◆ **Prompt**: When you reach the line containing "This sweet basket", start transcribing exactly and continue through the last line of the data, skipping every picture.

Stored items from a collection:

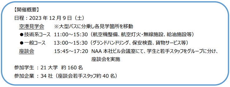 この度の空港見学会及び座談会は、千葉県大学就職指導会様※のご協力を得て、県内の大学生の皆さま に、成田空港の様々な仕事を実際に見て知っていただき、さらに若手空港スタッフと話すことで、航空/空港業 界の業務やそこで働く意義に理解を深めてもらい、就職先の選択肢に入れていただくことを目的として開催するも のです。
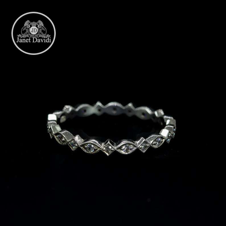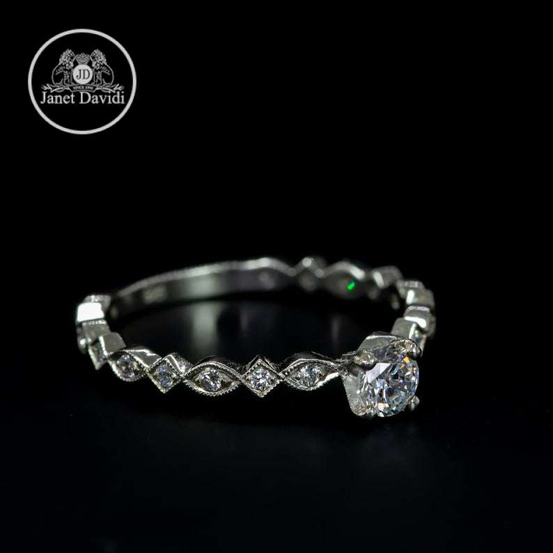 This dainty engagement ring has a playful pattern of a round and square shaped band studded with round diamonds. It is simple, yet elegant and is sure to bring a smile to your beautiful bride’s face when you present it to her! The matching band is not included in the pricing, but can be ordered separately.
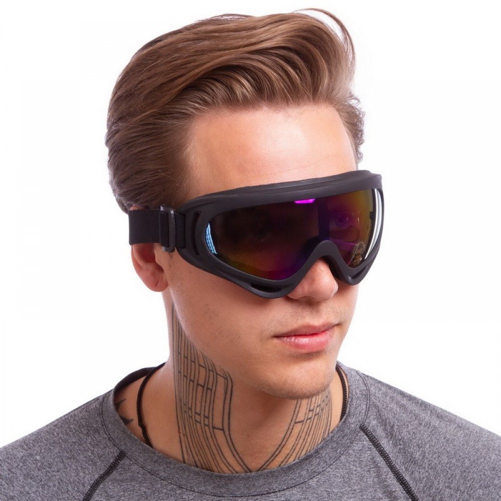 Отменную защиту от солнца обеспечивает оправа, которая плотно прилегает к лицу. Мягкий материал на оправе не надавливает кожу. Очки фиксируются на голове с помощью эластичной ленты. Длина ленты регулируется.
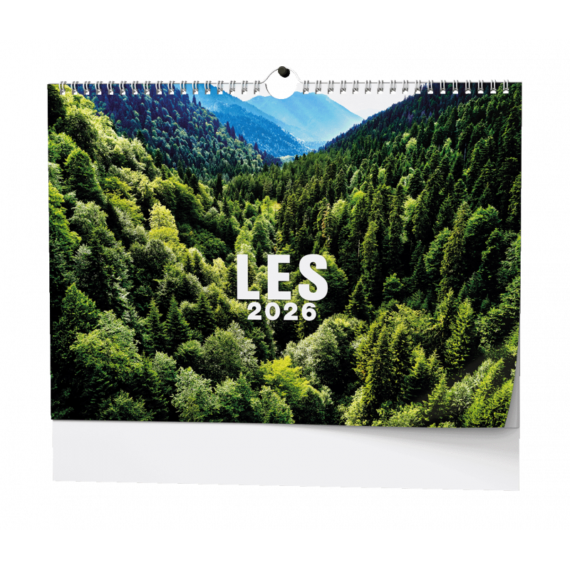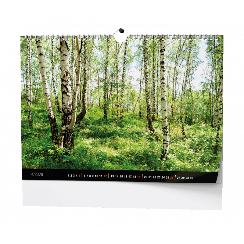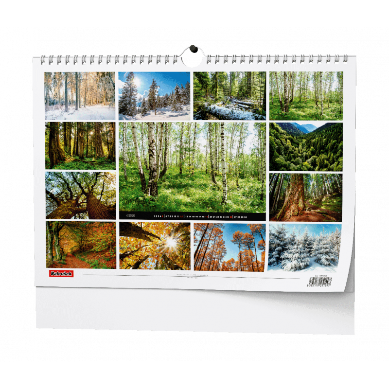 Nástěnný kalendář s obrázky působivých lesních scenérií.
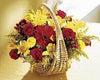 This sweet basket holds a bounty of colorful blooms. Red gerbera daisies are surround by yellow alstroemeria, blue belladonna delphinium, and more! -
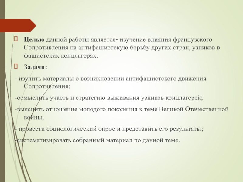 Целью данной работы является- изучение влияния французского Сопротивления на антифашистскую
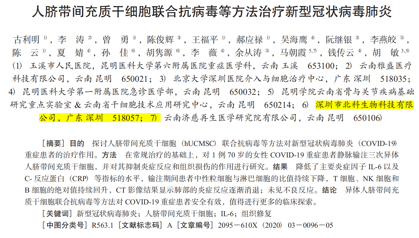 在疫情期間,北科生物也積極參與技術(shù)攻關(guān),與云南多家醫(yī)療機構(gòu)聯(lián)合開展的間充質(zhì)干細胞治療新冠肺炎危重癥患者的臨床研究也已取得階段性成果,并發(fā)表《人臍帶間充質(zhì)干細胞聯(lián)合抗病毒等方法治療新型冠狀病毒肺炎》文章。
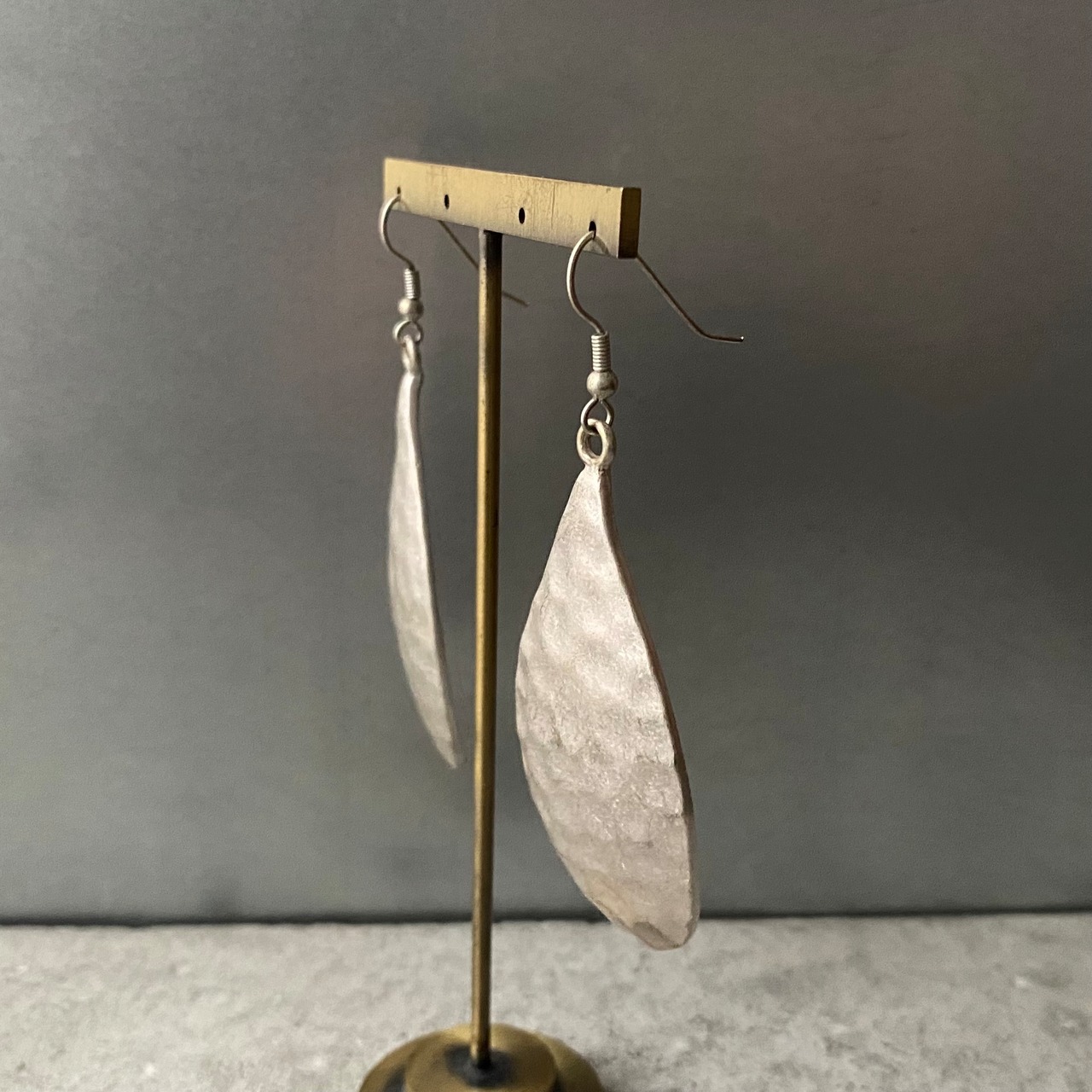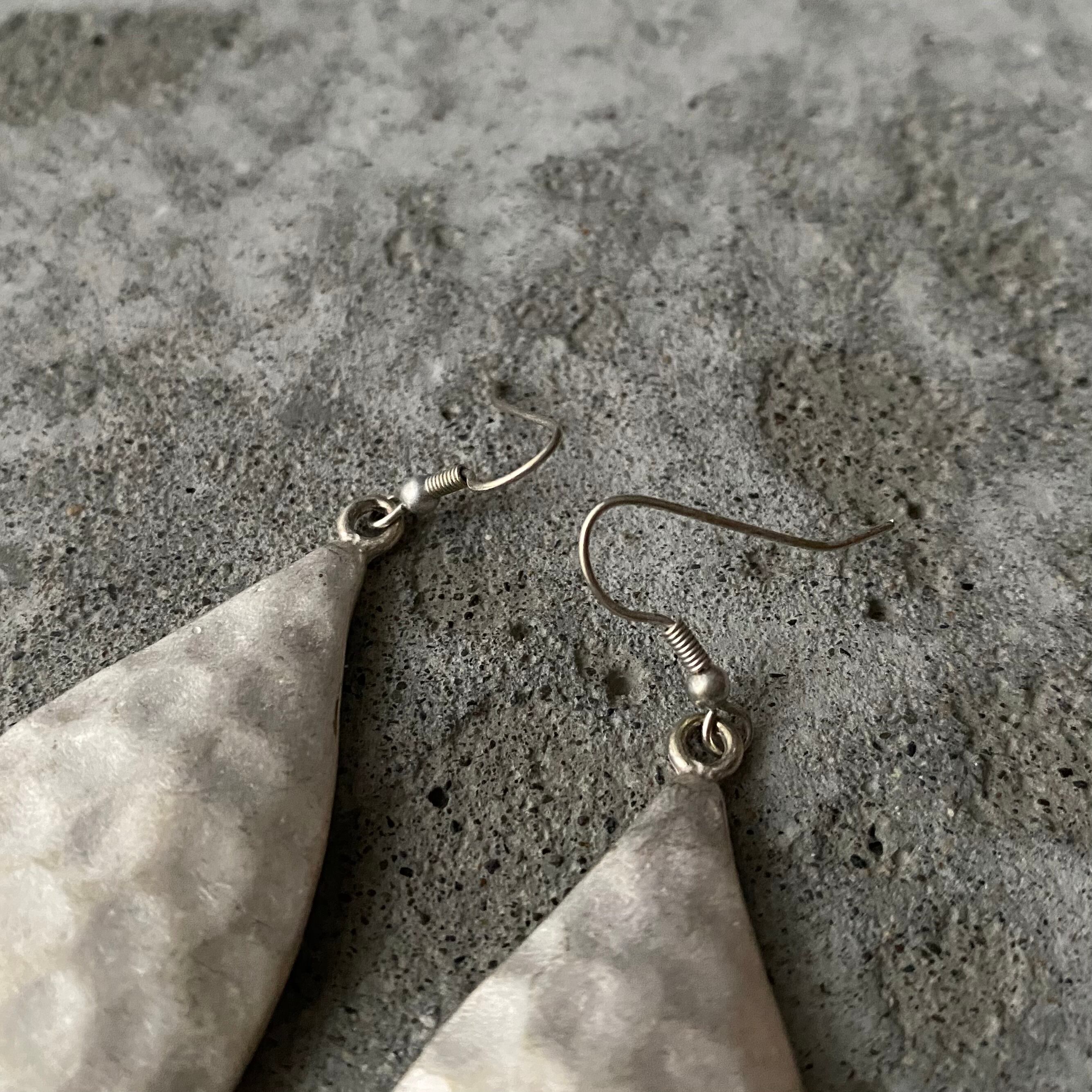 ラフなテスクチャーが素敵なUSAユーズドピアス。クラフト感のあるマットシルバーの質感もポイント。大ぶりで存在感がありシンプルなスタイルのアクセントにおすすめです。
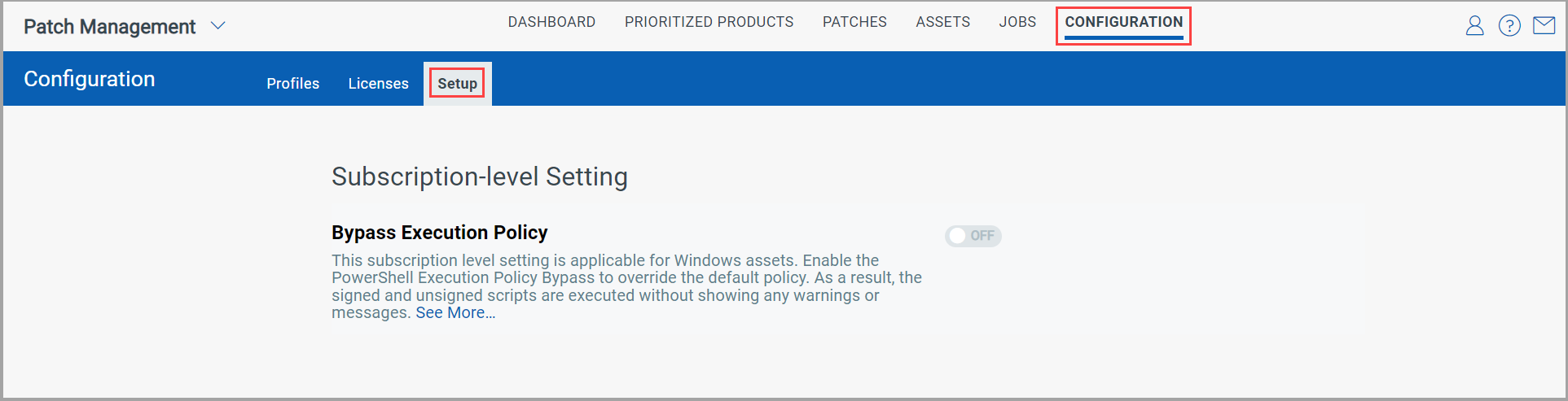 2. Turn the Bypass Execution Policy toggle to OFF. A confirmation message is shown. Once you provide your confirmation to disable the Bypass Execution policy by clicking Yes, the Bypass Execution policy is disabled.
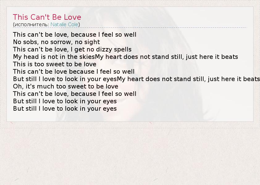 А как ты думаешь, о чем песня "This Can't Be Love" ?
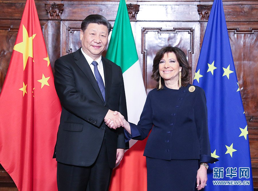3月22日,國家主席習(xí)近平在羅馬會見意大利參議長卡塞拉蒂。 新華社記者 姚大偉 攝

◆ **Answer area**:
 This sweet basket holds a bounty of colorful blooms. Red gerbera daisies are surround by yellow alstroemeria, blue belladonna delphinium, and more! -
 Целью данной работы является- изучение влияния французского Сопротивления на антифашистскую
 在疫情期間,北科生物也積極參與技術(shù)攻關(guān),與云南多家醫(yī)療機構(gòu)聯(lián)合開展的間充質(zhì)干細胞治療新冠肺炎危重癥患者的臨床研究也已取得階段性成果,并發(fā)表《人臍帶間充質(zhì)干細胞聯(lián)合抗病毒等方法治療新型冠狀病毒肺炎》文章。
 ラフなテスクチャーが素敵なUSAユーズドピアス。クラフト感のあるマットシルバーの質感もポイント。大ぶりで存在感がありシンプルなスタイルのアクセントにおすすめです。
 2. Turn the Bypass Execution Policy toggle to OFF. A confirmation message is shown. Once you provide your confirmation to disable the Bypass Execution policy by clicking Yes, the Bypass Execution policy is disabled.
 А как ты думаешь, о чем песня "This Can't Be Love" ?
3月22日,國家主席習(xí)近平在羅馬會見意大利參議長卡塞拉蒂。 新華社記者 姚大偉 攝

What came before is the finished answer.